As an adult with a full adult coat of hair, the tan or gold on the Yorkie will be of great importance in AKC conformation dog show events. Most importantly on the dog's head and legs. An adult Yorkie has a clear distinction of the black/blue and tan/gold coloring with no intermingling. Now, these are the guidelines for AKC conformation...There are lots of Yorkshire Terriers that do not meet the strict guidelines. 
Unique Hues and Combinations

While rare, some purebred Yorkies hold very little black or blue. It rarely goes the other way of the dog having mostly black or blue with little gold or tan, as the blue/black genome stays recessive.
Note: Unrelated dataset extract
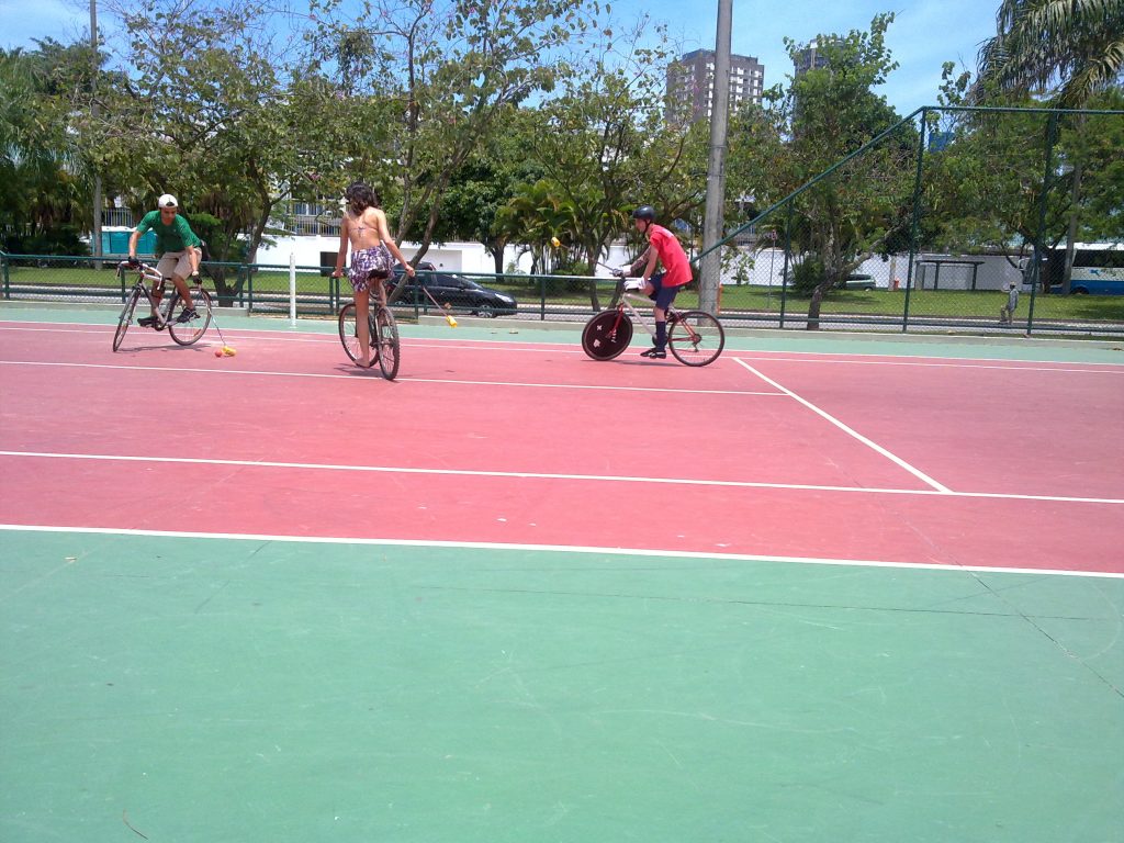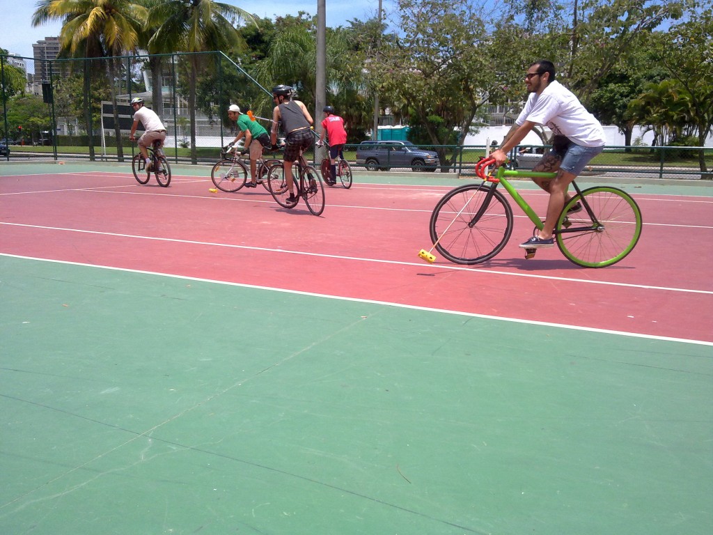 Estava pedalando ontem na Lagoa Rodrigo de Freitas, no Rio, e vi uma galera jogando bike polo! Pra quem não conhece, trata-se do jogo de polo (que costumamos ver mais sobre cavalos ou patins) jogado com bicicletas! Os jogadores se dividem em times e usam tacos para empurrar a bolinha com o objetivo de marcar gols. Eu já tinha visto apenas em fotos, em um livro sobre bicicletas que tenho. Deu uma vontade danada de jogar! Deve ser muito divertido! Abaixo algumas fotos do jogo.

This gives us some Yorkshire Terriers that are majorly or fully tan, cream or gold. Some will have a small amount of black or blue running down the back of the coat.

While these dogs are truly gorgeous, it is recommended not to breed them.  This is because if enough breeding were done with non-standard colors this would eventually eliminate the standard coloring of this breed (that has held for centuries). 

And if done enough, by enough breeders, the Yorkie breed as we know it today would eventually not hold true to the steadfast standards that exist. Some suggest that an off-color may hold certain genetic defects that would be passed down. This is in theory only and does not mean that a solid colored Yorkie has any health conditions at all. 
Solid tan Yorkshire Terrier
Bear | Owner: Alexandra Goldy
One element to note is that a solid colored Yorkshire Terrier can definitely be registered with the AKC, however the coat color is a disqualification in the show ring. 
Yorkies with White on the Coat - If you see a dog that looks exactly like a Yorkie but has white on the coat, you're most likely looking at a Biewer Terrier.